= Thomas Bauman =

American musicologist

Thomas Bauman (born March 10, 1948) is an American musicologist and Professor of Musicology at Bienen School of Music at Northwestern University. He is an expert on German opera, film music, Mozart, and African American theatrical history.

He earned his PhD at the University of California, Berkeley in 1977 with a dissertation on the Seyler Theatre Company. He has received National Endowment for the Humanities Fellowships, a Pew Foundation Grant, and an Andrew Mellon Faculty Fellowship at Harvard University.

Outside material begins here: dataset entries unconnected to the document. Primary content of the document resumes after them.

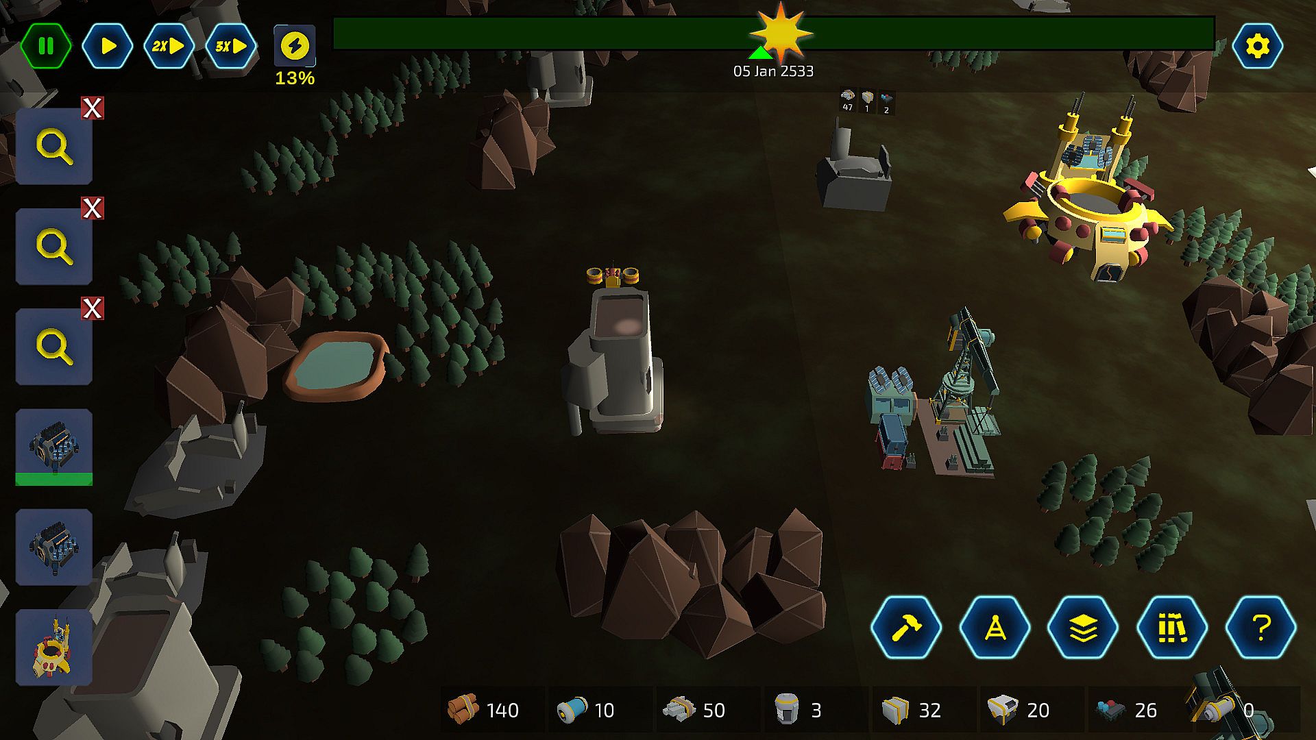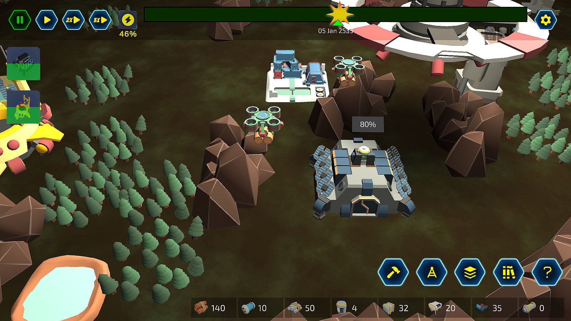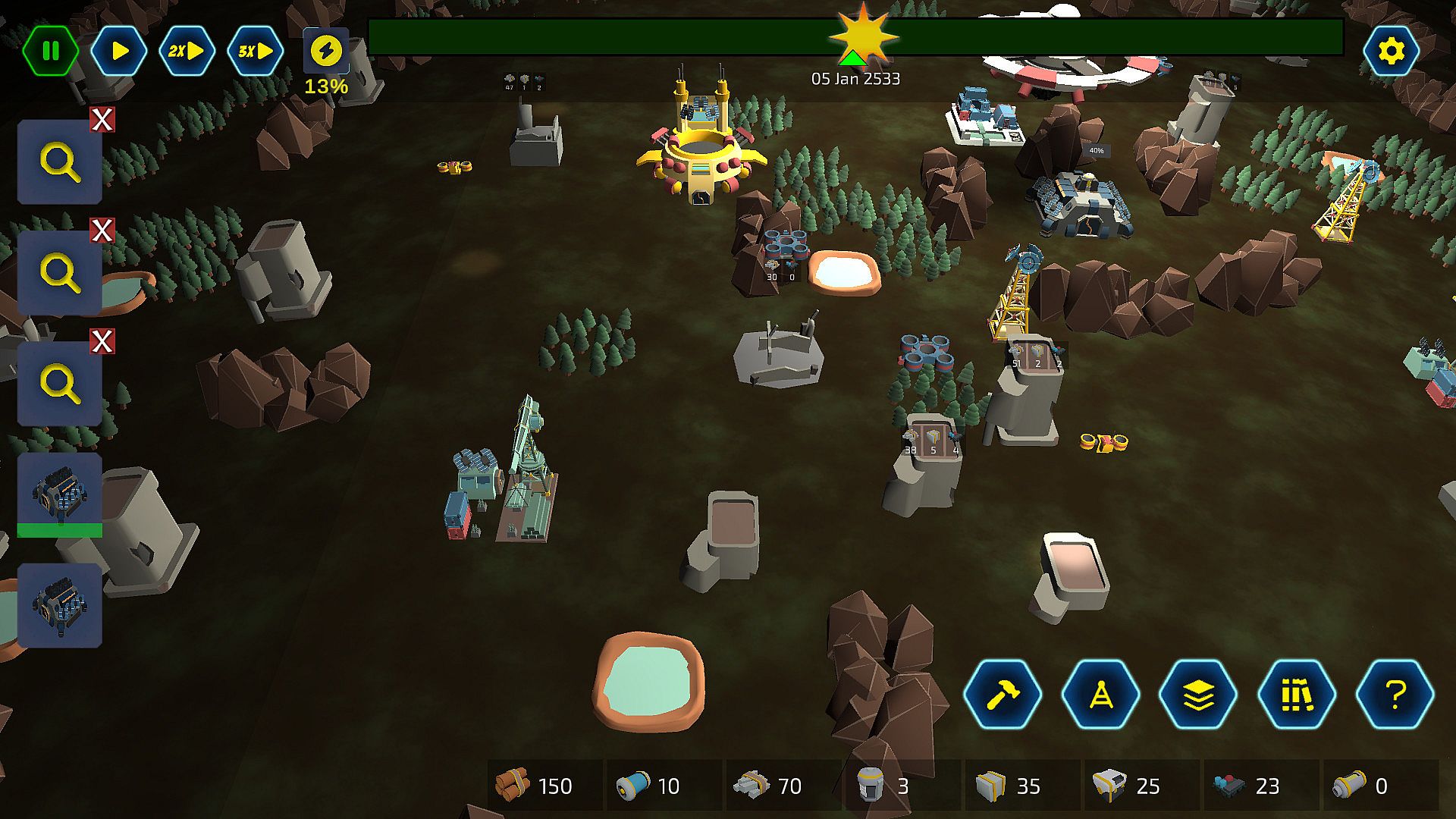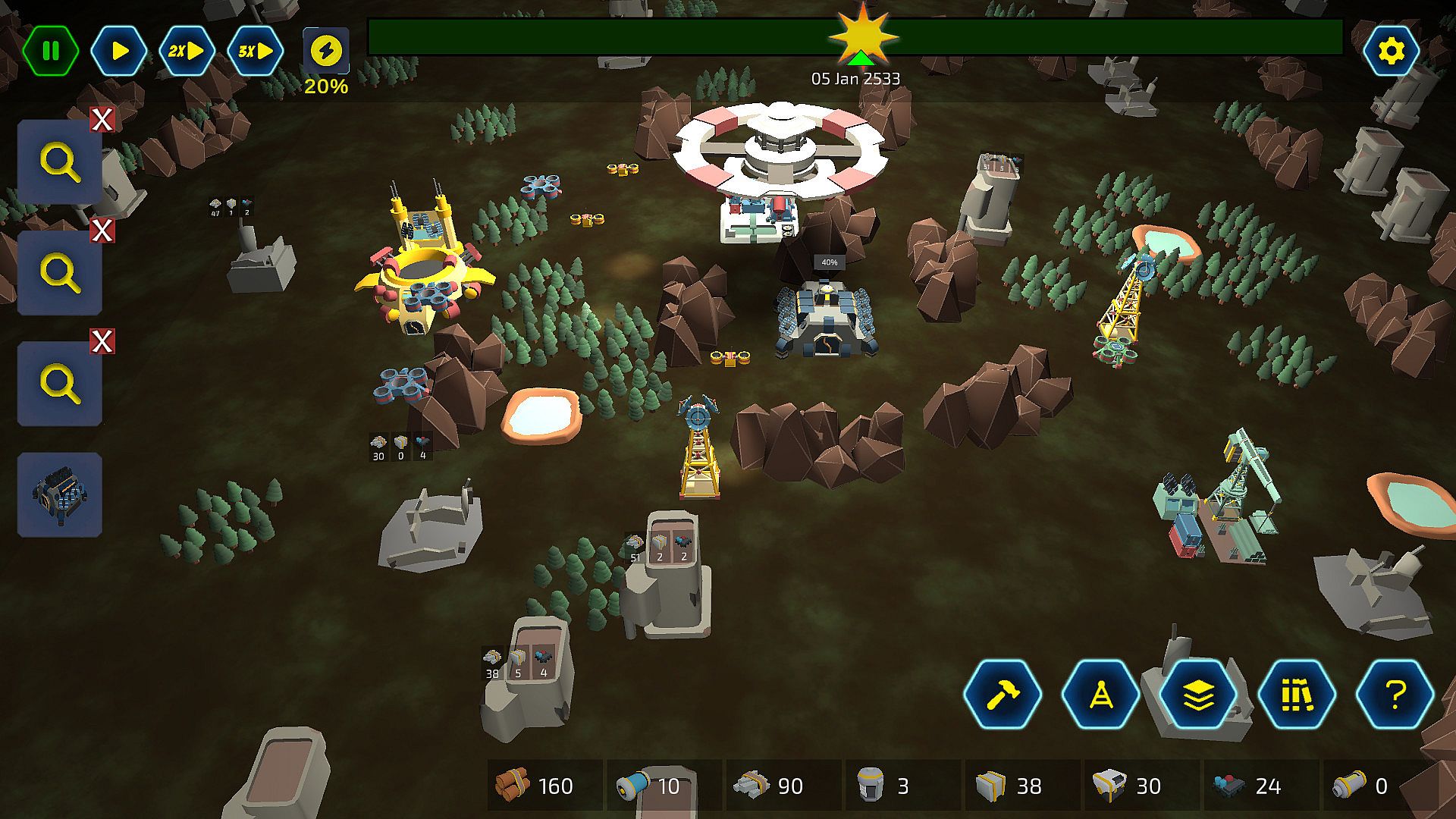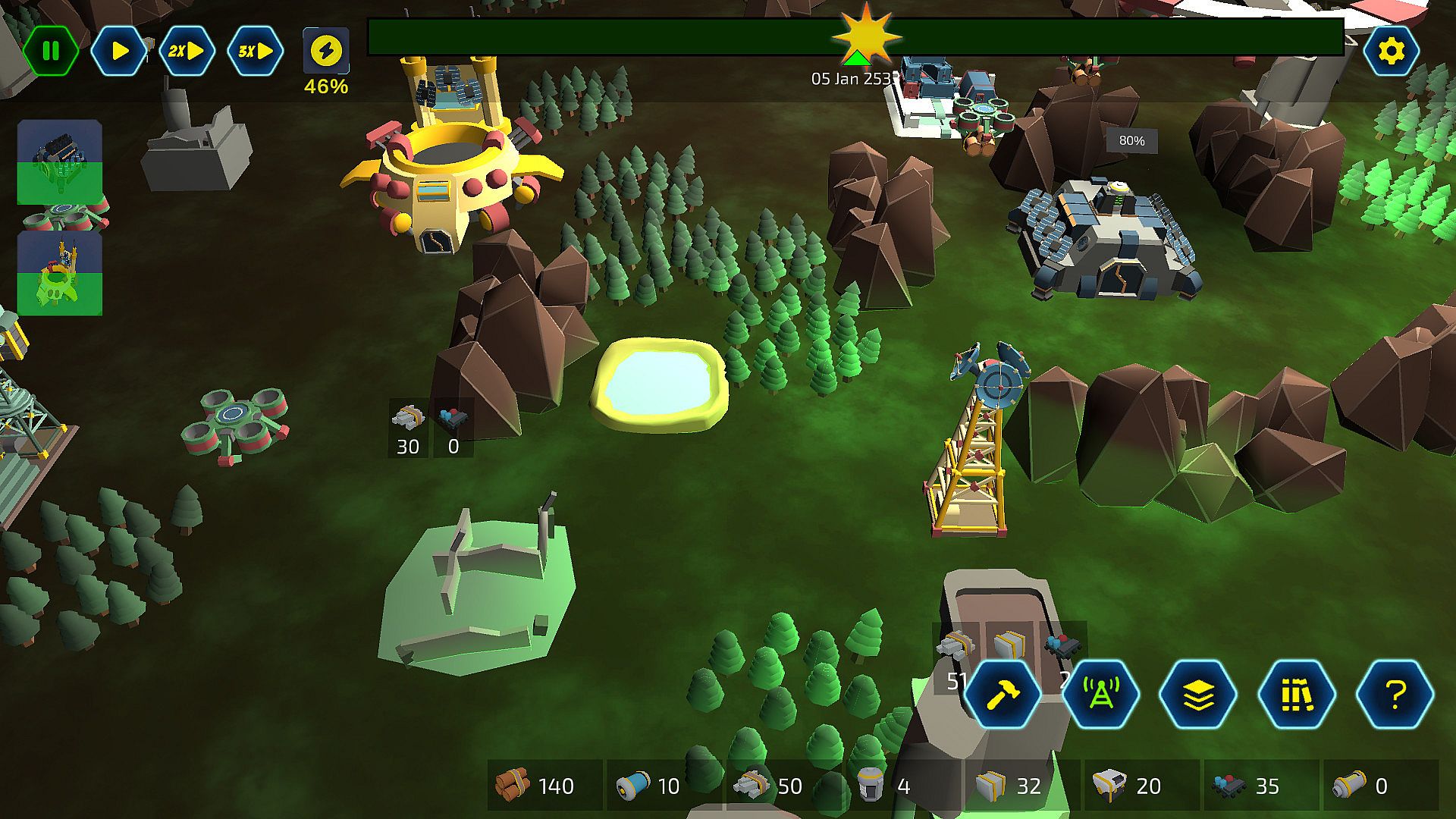 Now, 200 years after the disaster, your only ally is a tiny ray of the sunlight. It moves across the planet, and you can only build your base in its area. Anything plunged into darkness is out of operation. The game is built around the key mechanics of following the slipping ray of light.
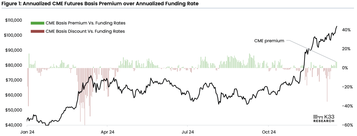 The CME basis premium for bitcoin futures has increased over the past days. Image: K33 Research
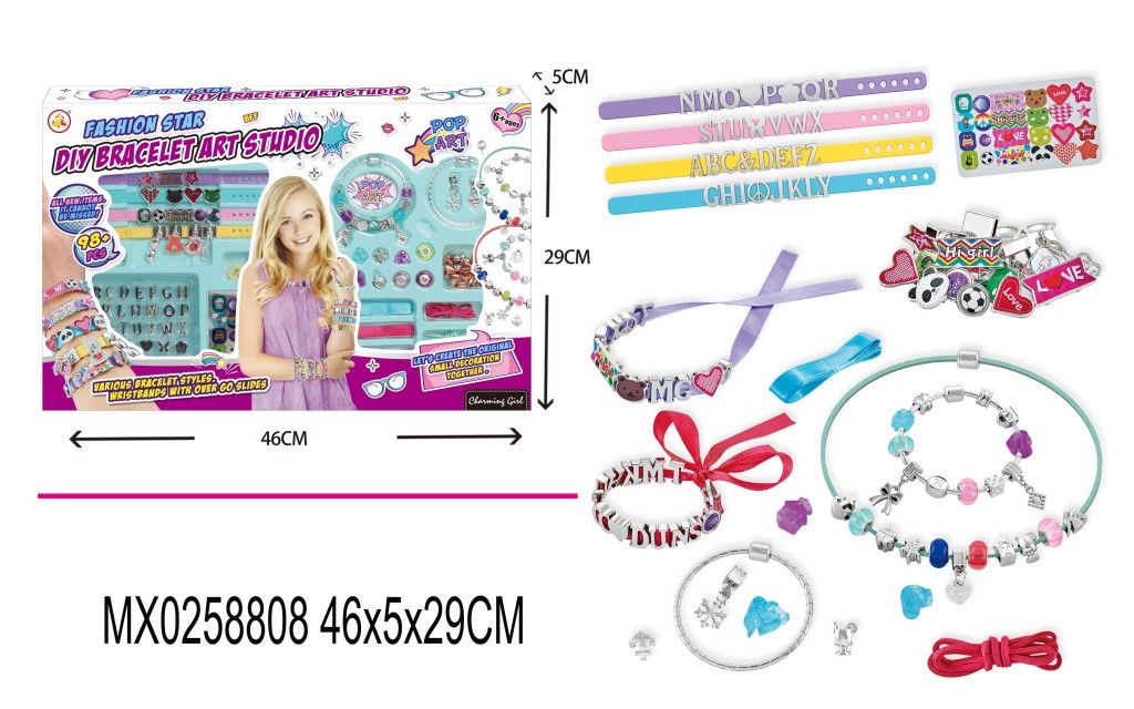 Různé styly náramků. Pojďme spolu vytvořit malou originální dekoraci. Vytvoř si vlastní personalizované šperky. Navrhni si vlastní náramky přátelství. 1. Otevři sponku na náramku. 2. Navlečte své oblíbené doplňky. 3. Provleč šňůrku přes ozdobu.
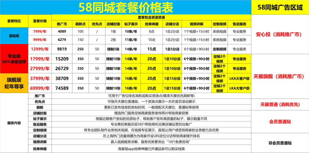 “58同城是按效果付費的,即按撥入電話付費,一通電話,差不多要30~40元。推廣成本直接從會員套餐中扣除,餘額用完了可以再充值。”羅秀向記者展示了一張“58同城套餐價格”表,共有基礎版、專業版、旗艦版的檔位,且資源差異較大。專業版每年有7999元和9999元兩種選擇,專業版每年的價格分別為12999元、17999元和27999元,旗艦版則是每年37999元和69999元。從信息來看,價格越高,推廣幣、優先點、帖子展示等資源就會越優。
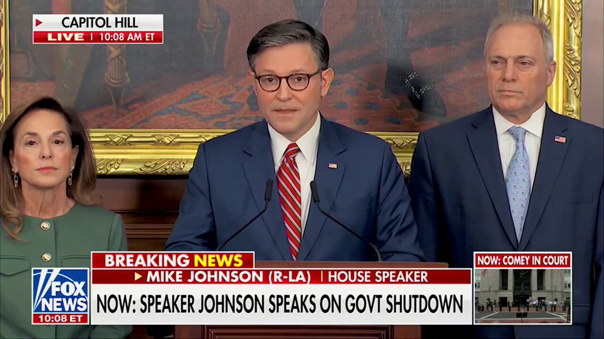 The statement criticizes the Democratic Party for allegedly politicizing the government shutdown, suggesting that it negatively impacts 'real Americans.' The tone is accusatory and partisan, aiming to place blame on a specific political group.

He was a contributor to The Oxford Illustrated History of Opera (Oxford University Press, 1993), and the New Grove Dictionary of Opera (Macmillan, 1992). He is particularly known for his monograph North German Opera in the Age of Goethe (Cambridge University Press, 1985). His monograph The Pekin: The Rise and Fall of Chicago’s First Black-Owner Theater (University of Illinois Press, 2014) was considered "an important contribution to the field" by Choice.

==Selected works==
- Music and Drama in Germany: A Traveling Company and Its Repertory, 1767–1781, PhD dissertation on the Seyler Theatre Company, University of California, Berkeley, 1977
- North German Opera in the Age of Goethe, Cambridge University Press, 1985)
- W. A. Mozart's Die Entführung aus dem Serail, Cambridge University Press, 1987
- The Pekin: The Rise and Fall of Chicago’s First Black-Owner Theater, University of Illinois Press, 2014).